*PROMPT:* Each entry should be printed exactly, with its images omitted.

::: SOURCE RECORDS

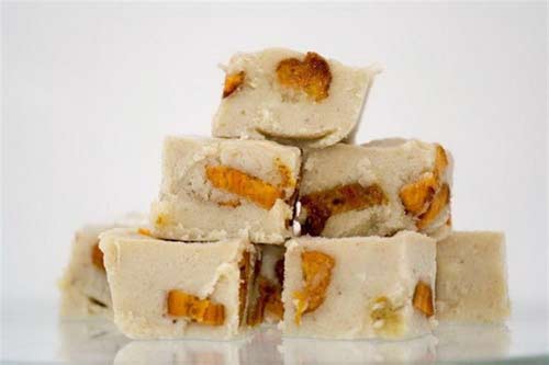 200 мл воды, 200 г сахара, 400 г бананов, 50 г кураги, 50 г изюма, 50 г миндаля, 200 г сухого молока, 100 г сливочного масла.
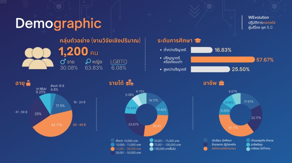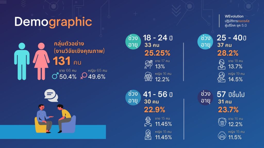 ด้าน นายวีระศักดิ์ สวัสดิ์จันทร์ หัวหน้าทีมการนำเสนองานวิจัย WEvolution ปฏิบัติการถอดรหัสผู้บริโภคยุค 5.0 และนักศึกษาปริญญาโท วิทยาลัยการจัดการ มหาวิทยาลัยมหิดล (CMMU) กล่าวว่า จากการถอดรหัสหลักคิดเชิงลึกของผู้บริโภค ผลวิจัย 3 คลัสเตอร์ใหม่ (Cluster) ที่สะท้อนตัวตนของผู้บริโภคไทยยุค Gen We ในช่วงอายุดังกล่าว ประกอบด้วย
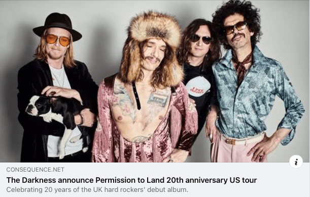 Consequence: The Darkness Announce Permission To Land 20th Anniversary Tour Posted by reneepublicityplease on June 7, 2023 Read more. Share this: Share on X (Opens in new window) X Share on Facebook (Opens in new window) Facebook Like Loading... Related
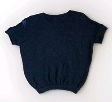 Vtg 80s Short Sleeve Black Sweater Leather/Suede/Sequence Flower Applique Red
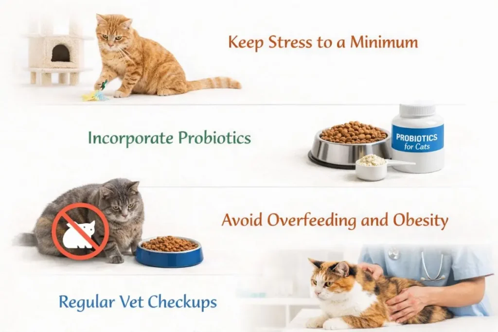 Take your cat for annual checkups and bring them to the vet immediately if you notice any signs of digestive distress, such as vomiting, diarrhea, or loss of appetite.
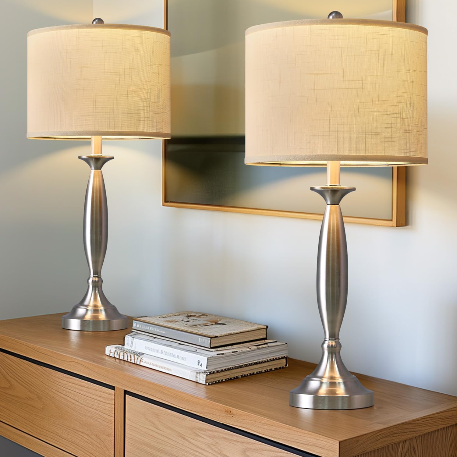 - Minimalist &Modern Design: The set of 2 bedside lamps are constructed of high-quality silver metal base and linen fabric lamp shades that provide a modern feeling aesthetic. Table lamp for living room is perfect in living room bedrooms, bedside, café, corridors, restaurants, etc. It displays a warm and beautiful atmosphere to a room.(Note: The shade needs to be assembled)
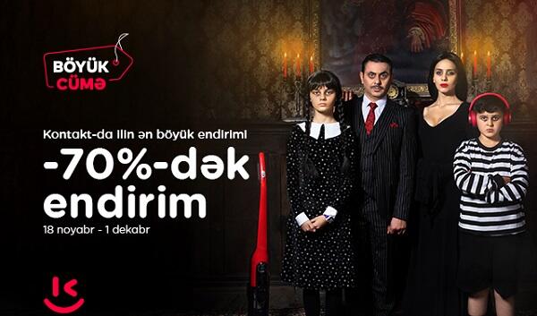 Gözlənən o xəbər “Kontakt”dan gəldi! Şəbəkə Böyük Cüməyə özəl ilin ən böyük endirim kampaniyasına start verib. Bu böyük kampaniya ilə “endirim olsun, alaram” dediyiniz həmin o məhsulları artıq yüksək endirimlə - nağd alışda 70%-dək endirimlə əldə edə bilərsiniz. Üstəlik, bu fürsət həm şəbəkənin mağazalarında, həm də kontakt.az saytında keçərlidir.
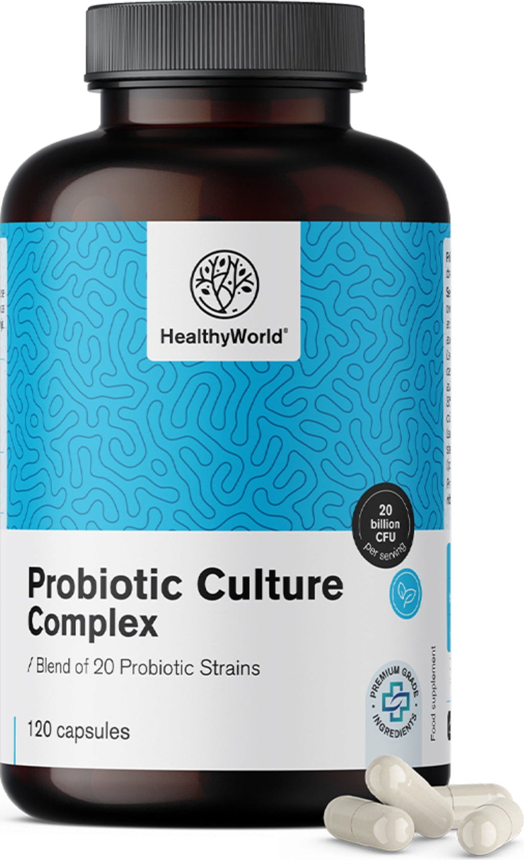 Questo prodotto contiene una miscela di 20 diverse colture microbiologiche, che forniscono complessivamente fino a 20 miliardi di unità formanti colonia (UFC) per dose giornaliera. La miscela è completata dal prebiotico inulina.
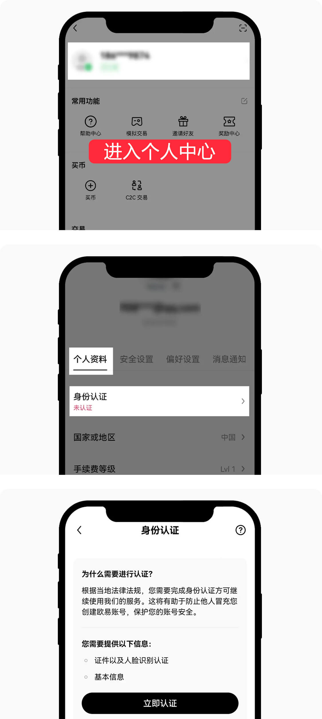 注册完成后,打开欧易 App,点击首页左上角用户中心图标—点击上方昵称/账号—【身份认证】,点击【立即认证】,进入身份认证页面。您需要上传证件照,如身份证的正反面,并通过人脸识别,根据页面提示完成证件上传和实人认证。
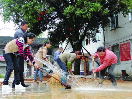 近年来,永顺县高坪乡加大生态建设力度,全乡森林面积达152000亩,森林覆盖率达78%。图为5月6日,高坪乡政府干部在给政府院内百年桂花树填土、剪枝、施肥后清扫垃圾。 唐其柏 罗远程 摄
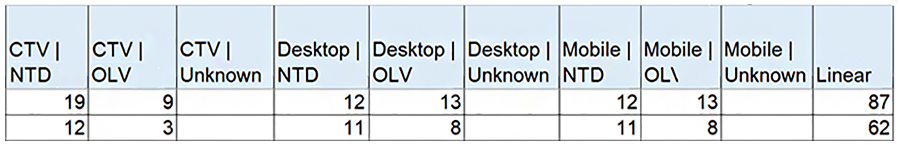 Nielsen ONE Ads contains over 45,000 campaigns, a number that is growing every month. For this study, I selected a random sample of 229 campaigns. As I began to look through the fascinating Nielsen ONE Ads data, what popped out first was that I noticed a small percentage of campaigns consist of 85% or more of OLV. The highest reach attained is 17.2% with 133 GRPs against the target. More typically across these 130-140 GRP campaigns which generally use quite a bit more NTD than OLV, 133 GRPs would get you ~23.8% reach. So, no surprise, counting on a single form of video for your advertising is not the way to go in the 21st Century.
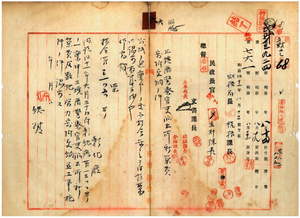 六 彰化庁馬芝堡三塊厝庄四民社管理人李聲洲ヨリ同社ノ建物敷地ト同堡同庄ノ李和尚・黄林渦及ヒ同堡四塊厝庄ノ陳啓徳・洪占嘴・謝鳳儀並ニ同堡南港庄ノ陳図ヨリ同地区ニ於テ陳啓徳外四五八名ヨリ徴集シタル寄附金一四〇〇円ト労力七〇人ヲ三塊厝警察官吏派出所新築費労力及敷地寄附ヲ出願シタルニ依リ受納方許可ニ付キ彰化庁長小松吉久ヨリノ稟申ニ対シ同派出所新築費及敷地・労力寄附受納並工事施行ヲ認可スルノ件(指令第三一〇六号)
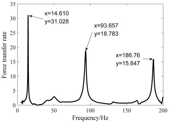 The dynamic test with a broadband sweep frequency range (5–200 Hz) for the coated pipeline system was performed to improve the reliability of the experiment. Two layers of elastic-porous metal rubber were used, and the magnitude of excitation applied is set as 20 N. The experimentally measured force transfer rate-frequency curve can be plotted as Figure 5. It can be seen that the system exists three modes in the frequency range of 5–200 Hz. They are 14.610 Hz, 93.657 Hz, 186.76 Hz, respectively. The corresponding response force F and the response displacement y are not consistent under the conditions of 15 Hz and 20 Hz as mentioned in the Section 4.2. Due to the condition of 15 Hz as the resonance frequency band, the response force of the whole system is far greater than the basic force. This is reasonable for the dynamic analysis. Due to the increase of the response displacement caused by the resonance, the displacement under 15 Hz is larger than other frequencies. However, when the excitation frequency is up to 20 Hz, the non-resonant station of the coated pipeline system occurs, resulting in the degradation of the response force and the corresponding response displacement.

::::::

*EXERCISE RESPONSE:*
 200 мл воды, 200 г сахара, 400 г бананов, 50 г кураги, 50 г изюма, 50 г миндаля, 200 г сухого молока, 100 г сливочного масла.
 ด้าน นายวีระศักดิ์ สวัสดิ์จันทร์ หัวหน้าทีมการนำเสนองานวิจัย WEvolution ปฏิบัติการถอดรหัสผู้บริโภคยุค 5.0 และนักศึกษาปริญญาโท วิทยาลัยการจัดการ มหาวิทยาลัยมหิดล (CMMU) กล่าวว่า จากการถอดรหัสหลักคิดเชิงลึกของผู้บริโภค ผลวิจัย 3 คลัสเตอร์ใหม่ (Cluster) ที่สะท้อนตัวตนของผู้บริโภคไทยยุค Gen We ในช่วงอายุดังกล่าว ประกอบด้วย
 Consequence: The Darkness Announce Permission To Land 20th Anniversary Tour Posted by reneepublicityplease on June 7, 2023 Read more. Share this: Share on X (Opens in new window) X Share on Facebook (Opens in new window) Facebook Like Loading... Related
 Vtg 80s Short Sleeve Black Sweater Leather/Suede/Sequence Flower Applique Red
 Take your cat for annual checkups and bring them to the vet immediately if you notice any signs of digestive distress, such as vomiting, diarrhea, or loss of appetite.
 - Minimalist &Modern Design: The set of 2 bedside lamps are constructed of high-quality silver metal base and linen fabric lamp shades that provide a modern feeling aesthetic. Table lamp for living room is perfect in living room bedrooms, bedside, café, corridors, restaurants, etc. It displays a warm and beautiful atmosphere to a room.(Note: The shade needs to be assembled)
 Gözlənən o xəbər “Kontakt”dan gəldi! Şəbəkə Böyük Cüməyə özəl ilin ən böyük endirim kampaniyasına start verib. Bu böyük kampaniya ilə “endirim olsun, alaram” dediyiniz həmin o məhsulları artıq yüksək endirimlə - nağd alışda 70%-dək endirimlə əldə edə bilərsiniz. Üstəlik, bu fürsət həm şəbəkənin mağazalarında, həm də kontakt.az saytında keçərlidir.
 Questo prodotto contiene una miscela di 20 diverse colture microbiologiche, che forniscono complessivamente fino a 20 miliardi di unità formanti colonia (UFC) per dose giornaliera. La miscela è completata dal prebiotico inulina.
 注册完成后,打开欧易 App,点击首页左上角用户中心图标—点击上方昵称/账号—【身份认证】,点击【立即认证】,进入身份认证页面。您需要上传证件照,如身份证的正反面,并通过人脸识别,根据页面提示完成证件上传和实人认证。
 近年来,永顺县高坪乡加大生态建设力度,全乡森林面积达152000亩,森林覆盖率达78%。图为5月6日,高坪乡政府干部在给政府院内百年桂花树填土、剪枝、施肥后清扫垃圾。 唐其柏 罗远程 摄
 Nielsen ONE Ads contains over 45,000 campaigns, a number that is growing every month. For this study, I selected a random sample of 229 campaigns. As I began to look through the fascinating Nielsen ONE Ads data, what popped out first was that I noticed a small percentage of campaigns consist of 85% or more of OLV. The highest reach attained is 17.2% with 133 GRPs against the target. More typically across these 130-140 GRP campaigns which generally use quite a bit more NTD than OLV, 133 GRPs would get you ~23.8% reach. So, no surprise, counting on a single form of video for your advertising is not the way to go in the 21st Century.
 六 彰化庁馬芝堡三塊厝庄四民社管理人李聲洲ヨリ同社ノ建物敷地ト同堡同庄ノ李和尚・黄林渦及ヒ同堡四塊厝庄ノ陳啓徳・洪占嘴・謝鳳儀並ニ同堡南港庄ノ陳図ヨリ同地区ニ於テ陳啓徳外四五八名ヨリ徴集シタル寄附金一四〇〇円ト労力七〇人ヲ三塊厝警察官吏派出所新築費労力及敷地寄附ヲ出願シタルニ依リ受納方許可ニ付キ彰化庁長小松吉久ヨリノ稟申ニ対シ同派出所新築費及敷地・労力寄附受納並工事施行ヲ認可スルノ件(指令第三一〇六号)
 The dynamic test with a broadband sweep frequency range (5–200 Hz) for the coated pipeline system was performed to improve the reliability of the experiment. Two layers of elastic-porous metal rubber were used, and the magnitude of excitation applied is set as 20 N. The experimentally measured force transfer rate-frequency curve can be plotted as Figure 5. It can be seen that the system exists three modes in the frequency range of 5–200 Hz. They are 14.610 Hz, 93.657 Hz, 186.76 Hz, respectively. The corresponding response force F and the response displacement y are not consistent under the conditions of 15 Hz and 20 Hz as mentioned in the Section 4.2. Due to the condition of 15 Hz as the resonance frequency band, the response force of the whole system is far greater than the basic force. This is reasonable for the dynamic analysis. Due to the increase of the response displacement caused by the resonance, the displacement under 15 Hz is larger than other frequencies. However, when the excitation frequency is up to 20 Hz, the non-resonant station of the coated pipeline system occurs, resulting in the degradation of the response force and the corresponding response displacement.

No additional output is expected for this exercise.